道徳教育の歴史と「教科化」の危うさ(中央大学文学部教授 池田賢市)
修身と教育勅語
日本の学制が始まったのは1872(明治5)年です。その当初から戦前の道徳教育科目であった「修身」がありました。1880(明治13)年には教育令が改正されて「修身」が最重要科目となりました。そして、1889(明治22)年の大日本帝国憲法発布の翌年、第一回帝国議会の開催よりも前に「教育勅語」が発布されています。丸山眞男(注1)が教育勅語のあとに第一回の国会が開かれたことが象徴的だと書いていたと思いますが、私もそう思います。「教育勅語に書いてあることは悪いことばかりではない」と評価する人たちがいるけれども、最後には皇室・国家のために身を捧げよと書いてあるわけです。これが第一回の国会の前、まだ普通選挙ではなかったので現在とは違いますが、曲がりなりにも有権者に選ばれた議員が国会で議論する前に、人びとの生き方・価値の置き方が天皇から示されたわけです(次ページの表「教育勅語の11徳目」を参照)。
明治政府は教育勅語を国民の思想や価値観を統一していくために利用しました。そのときに学校教育のなかで一番大きく利用されたのは「儀式」だったと思います。卒業式や入学式、明治天皇の誕生日であった天長節などの儀式のたびに校長が教育勅語を読み上げるのを、子どもたちが姿勢を正して聞くわけです。こうした儀式の次第を定めた規定も明治時代にできています。まず校長の話があり、来賓が挨拶し、といった一連の流れが、教育勅語をいかに浸透させるかという目的のもとに作られたんです。
実はいまでもほぼそのひな型に沿って学校の儀式は行われています。戦後、学校での儀式的な行為は「特別活動」と言われる分野になりましたので、学校ごとに考えてよいことになっていますから、実は入学式や卒業式をやるかやらないか、また、どのようにやるのかといったことは自由です。しかし文科省も儀式を大事にしろと言っています。私の専門はフランスの教育制度ですけれども、フランスでは儀式としての入学式や卒業式は基本的にはありません。学校は授業をするところなので、先生もそれ以外のことは一切やりません。良し悪しは別としても、とてもはっきりしています。
昭和に入ると、御真影と呼ばれた天皇の写真や教育勅語を収める奉安殿が小学校に作られるようになって、子どもたちは毎日そこを通るたびにお辞儀をしないといけないことになりました。さらには儀式以外の普通の朝礼でも、教育勅語が読まれるようになります。
さらに最重要科目としての修身は教科でしたから、成績がつけられるわけです。修身の教材には、例えば学校が火事になった時に御真影を守って殉職した教員のことなどが美談として盛り込まれるようになっていきました。儀式と修身の授業とが一体になって精神的に国民を統一していくことが目指されたのです。

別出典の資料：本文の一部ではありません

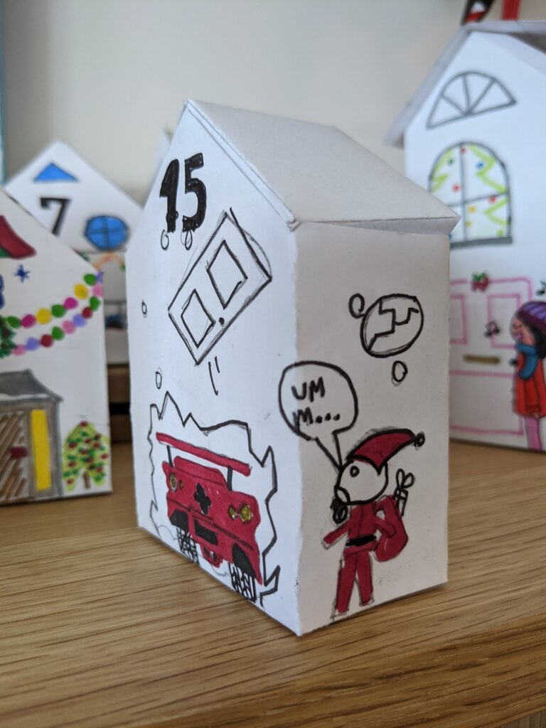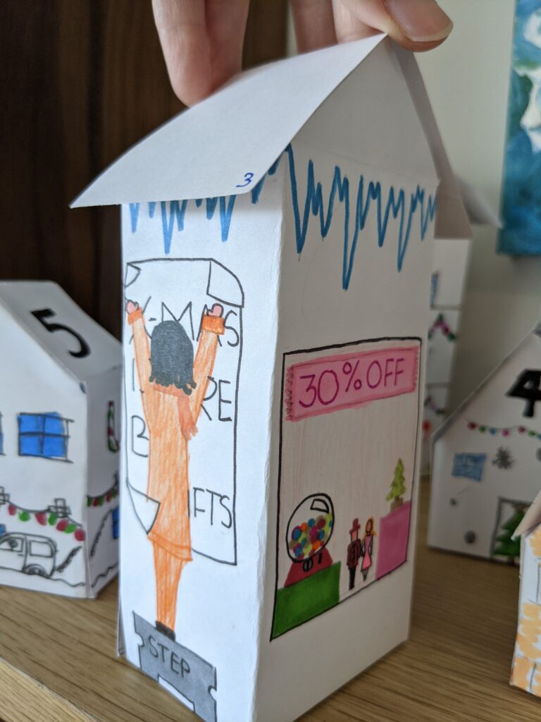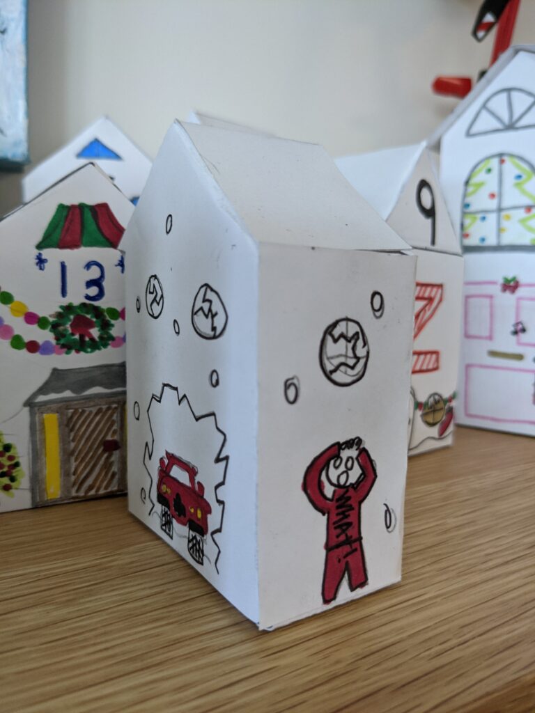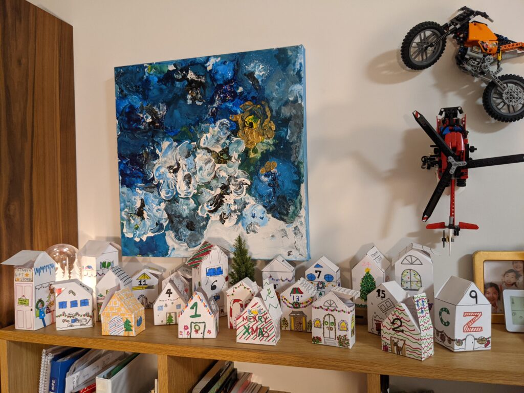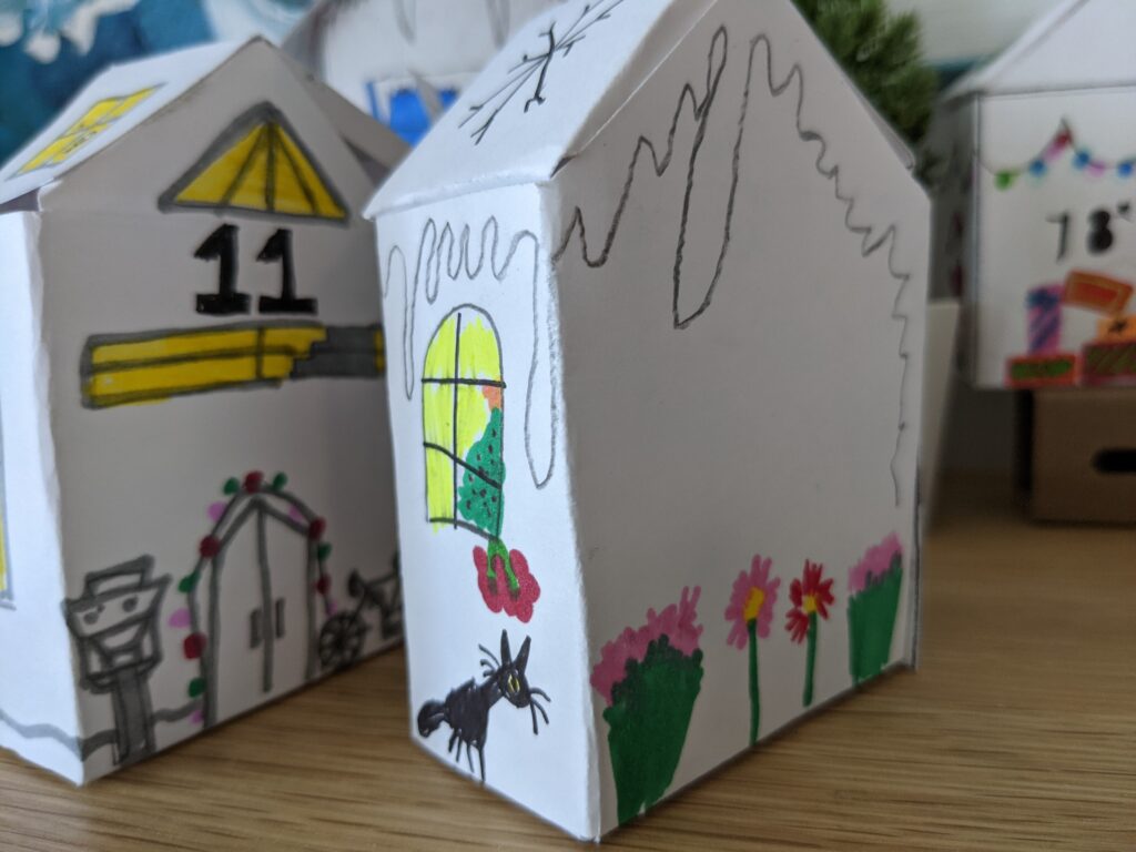 Trong quá trình này, tôi thấy rất hài lòng với lịch mùa vọng bằng những ngôi nhà giấy của gia đình tôi. Mình chỉ có 3 ngày trước khi tháng 12, may quá là đã kịp xong!
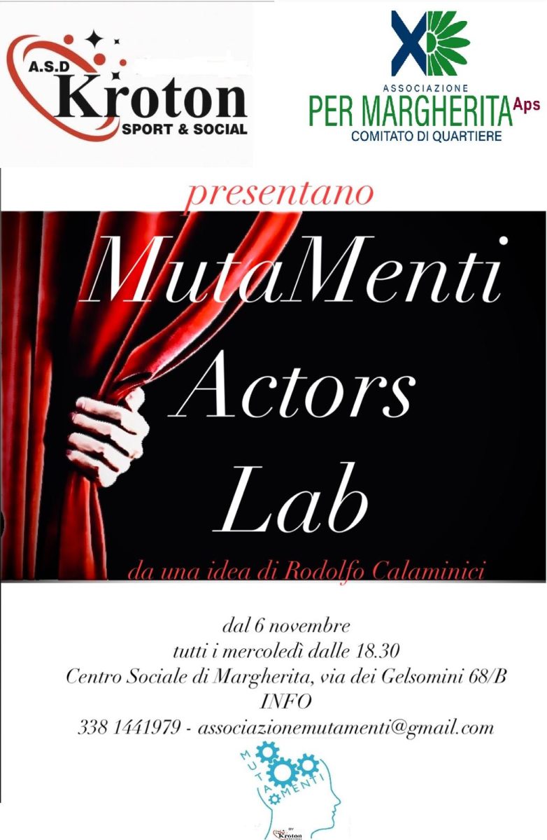 Al via dal 6 novembre “MutaMenti actors Lab”, progetto promosso da Kroton sport & social in collaborazione con associazione Per Margherita Aps, da un’idea di Rodolfo Calaminici. Con questa iniziativa, il teatro approda in periferia con un percorso che punta a coinvolgere attivamente i residenti di alcune contrade della città e non solo.
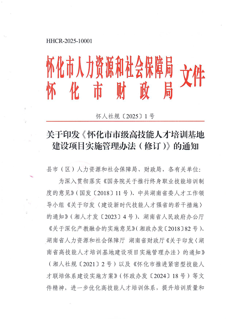 關(guān)于印發(fā)《懷化市市級(jí)高技能人才培訓(xùn)基地建設(shè)項(xiàng)目實(shí)施管理辦法(修訂)》的通知

注1 丸山眞男(1914〜96年)は政治学者。専攻は日本政治思想史。
戦後の「修身」廃止・「教育勅語」失効から、道徳の復活
戦後となり1948年に、教育勅語は国会で失効が確認されました。しかし、そうすんなりいったわけではありません。終戦直後の45年9月に当時の文部大臣であった前田多門は「新日本建設ノ教育方針」という文書の中で、教育勅語が軍国主義によってゆがめられてしまったと解釈しています。GHQは45年12月の段階で、修身と歴史、地理などの軍国主義教育の温床になった授業を停止していますが、教育勅語の内容そのものの良し悪しについてはコメントしていません。文部省の学校教育局長であった田中耕太郎も、教育勅語が徹底されていなかったことを問題としていました。
国会での教育勅語の失効確認は新憲法と教育基本法が施行されたあとの48年ですから、その間にも実は教育勅語を生かそうとする人たちは相当いたのだろうと思います。ただ、さすがに新しい法体系では無理だと、いったんは諦めざるを得なかったのだと思います。
しかし、脈々と復活をねらう人たちや世論があったことも確かで、戦後わずか十数年の1958年に「道徳の時間」が設けられ、学習指導要領も改訂されてしまいます。さらに66年には中央教育審議会答申の別記というかたちで「期待される人間像」という文書が出されます。天皇への敬愛が国の敬愛の念に通ずるといった文言が入っていることで批判されることが多いのですが、ここでは違う面に注目したいと思います。それは、子どもたちのいわゆる問題行動のようなものと道徳教育のあり方に因果関係があるかのように語られる言説が、この文書によって確立していったという点です。しかし、そのような「関係」は誰も証明していませんし、証明できないでしょう。ただそういう「語り」は人びとに受け入れられやすいのです。